The technology could potentially do a better job, reduce the number of guards and shift more to where they can better control the inmates and save $4 million a year. The story went on to say that Pennsylvania did it and saved $5 million and Michigan did it and saved $15 million.

Makes you wonder why we couldn’t save even more?

It was an unexpected surprise to find we do prisons better, or at least cheaper, to begin with.

All three states house roughly similar numbers of inmates.
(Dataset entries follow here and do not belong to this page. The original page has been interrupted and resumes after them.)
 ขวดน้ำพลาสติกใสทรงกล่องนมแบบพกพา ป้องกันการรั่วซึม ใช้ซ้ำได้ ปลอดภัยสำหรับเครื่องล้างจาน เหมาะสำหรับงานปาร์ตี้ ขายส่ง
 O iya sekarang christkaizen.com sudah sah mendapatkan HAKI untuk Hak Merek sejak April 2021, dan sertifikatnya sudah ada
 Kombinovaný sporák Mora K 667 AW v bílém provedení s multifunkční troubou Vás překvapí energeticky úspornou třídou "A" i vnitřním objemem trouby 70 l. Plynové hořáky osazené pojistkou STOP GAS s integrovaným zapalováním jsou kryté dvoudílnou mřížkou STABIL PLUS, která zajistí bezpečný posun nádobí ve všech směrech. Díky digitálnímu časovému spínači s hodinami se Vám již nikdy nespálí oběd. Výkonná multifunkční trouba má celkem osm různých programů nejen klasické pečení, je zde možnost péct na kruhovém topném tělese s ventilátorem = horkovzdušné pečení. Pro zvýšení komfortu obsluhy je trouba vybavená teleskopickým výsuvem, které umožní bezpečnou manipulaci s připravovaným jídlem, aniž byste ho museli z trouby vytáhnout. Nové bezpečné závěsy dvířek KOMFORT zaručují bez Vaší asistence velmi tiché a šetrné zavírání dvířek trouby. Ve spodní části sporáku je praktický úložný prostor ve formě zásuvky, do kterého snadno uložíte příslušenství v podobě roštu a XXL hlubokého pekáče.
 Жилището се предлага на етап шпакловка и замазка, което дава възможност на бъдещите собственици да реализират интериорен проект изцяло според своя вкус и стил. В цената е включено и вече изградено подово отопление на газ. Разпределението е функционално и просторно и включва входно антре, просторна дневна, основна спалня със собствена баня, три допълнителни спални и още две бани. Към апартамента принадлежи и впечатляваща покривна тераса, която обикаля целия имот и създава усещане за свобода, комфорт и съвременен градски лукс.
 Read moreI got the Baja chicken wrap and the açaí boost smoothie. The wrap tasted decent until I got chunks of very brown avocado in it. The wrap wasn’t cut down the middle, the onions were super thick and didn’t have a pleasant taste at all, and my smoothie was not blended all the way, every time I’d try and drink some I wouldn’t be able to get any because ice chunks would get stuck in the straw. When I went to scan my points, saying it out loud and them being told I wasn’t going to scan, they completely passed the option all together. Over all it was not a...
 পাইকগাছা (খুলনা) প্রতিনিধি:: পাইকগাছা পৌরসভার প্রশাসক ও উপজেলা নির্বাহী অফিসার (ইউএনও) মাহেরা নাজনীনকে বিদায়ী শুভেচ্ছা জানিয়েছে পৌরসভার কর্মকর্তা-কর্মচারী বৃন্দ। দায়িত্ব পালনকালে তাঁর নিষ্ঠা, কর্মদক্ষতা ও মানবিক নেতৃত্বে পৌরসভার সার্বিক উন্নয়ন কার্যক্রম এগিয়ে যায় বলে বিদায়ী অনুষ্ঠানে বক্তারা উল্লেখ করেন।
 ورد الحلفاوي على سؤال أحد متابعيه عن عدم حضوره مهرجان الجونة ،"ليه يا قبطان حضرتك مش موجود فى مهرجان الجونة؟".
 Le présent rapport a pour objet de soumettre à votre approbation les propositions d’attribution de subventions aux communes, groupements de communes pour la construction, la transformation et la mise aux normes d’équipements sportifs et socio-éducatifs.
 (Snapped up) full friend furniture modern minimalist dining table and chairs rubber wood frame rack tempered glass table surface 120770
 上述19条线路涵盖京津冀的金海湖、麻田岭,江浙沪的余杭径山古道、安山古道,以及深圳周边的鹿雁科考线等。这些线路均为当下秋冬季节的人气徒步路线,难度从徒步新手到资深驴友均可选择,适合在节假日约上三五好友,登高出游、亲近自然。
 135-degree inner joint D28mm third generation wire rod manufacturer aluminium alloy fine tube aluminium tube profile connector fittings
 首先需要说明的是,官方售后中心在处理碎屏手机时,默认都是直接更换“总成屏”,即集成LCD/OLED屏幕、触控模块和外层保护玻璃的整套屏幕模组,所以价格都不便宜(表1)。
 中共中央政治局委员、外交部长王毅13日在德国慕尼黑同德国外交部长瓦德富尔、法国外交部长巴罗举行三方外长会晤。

Illinois does it for $1.1 billion less than Pennsylvania and $563 million less than Michigan.

By inmate, ours each cost taxpayers $31,856 a year while Michigan spends $46,376 per inmate and Pennsylvania $50,000. Illinois and Pennsylvania each run 25 institutions, but we do it with 3,400 fewer employees.

Still, we are a heck of a lot broker than our peers. Cutting costs through technology has been a Rauner theme, and a recent point of contention as our Madigan acolyte of a state comptroller, Susana Mendoza, blocked spending on technology that improves efficiencies and secures state financial systems and personnel records against hackers. Politics again take Illinoisans hostage.

If technology can be constantly vigilant with thermal cameras and software that can set off alarms if it recognizes an inmate fight, an escape attempt or someone trying to toss a bag of drugs into the fence, then cheaper and better is the way to go. Corrections officers can be better used than just staring out at a yard for months on end awaiting a few minutes of trouble.